(Given material):
○ ○ ○ ○
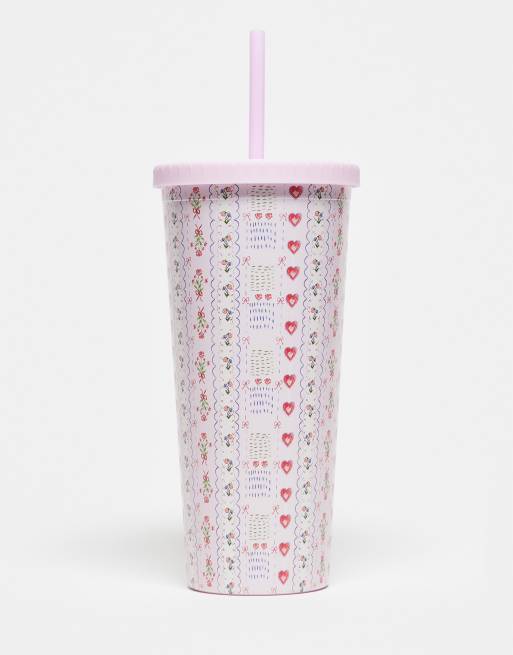 Taza de viaje rosa con estampado estilo tapiz y pajita reutilizable de Daisy Street
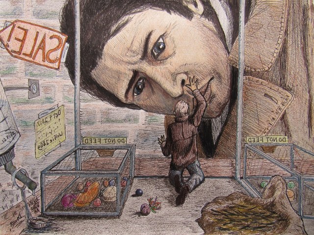Sam’s eyes widened as the strange human shoved his way into the room. Those dark eyes held only malice and contempt as they fell on him first, then expanding their view to all the small people on the table with him.
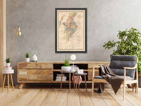 Cette jolie carte de l'Écosse, créée par WH Lizars et publiée par A. Constable en 1822, est une carte en couleur rare du début des années 1800 détaillant tous les clans écossais des Highlands.
○ ○ ○ ○
Everything from the line that contains "Sam’s eyes widened" through the final line of the material should be returned exactly, except the pictures.

(Your solution):
Sam’s eyes widened as the strange human shoved his way into the room. Those dark eyes held only malice and contempt as they fell on him first, then expanding their view to all the small people on the table with him.
 Cette jolie carte de l'Écosse, créée par WH Lizars et publiée par A. Constable en 1822, est une carte en couleur rare du début des années 1800 détaillant tous les clans écossais des Highlands.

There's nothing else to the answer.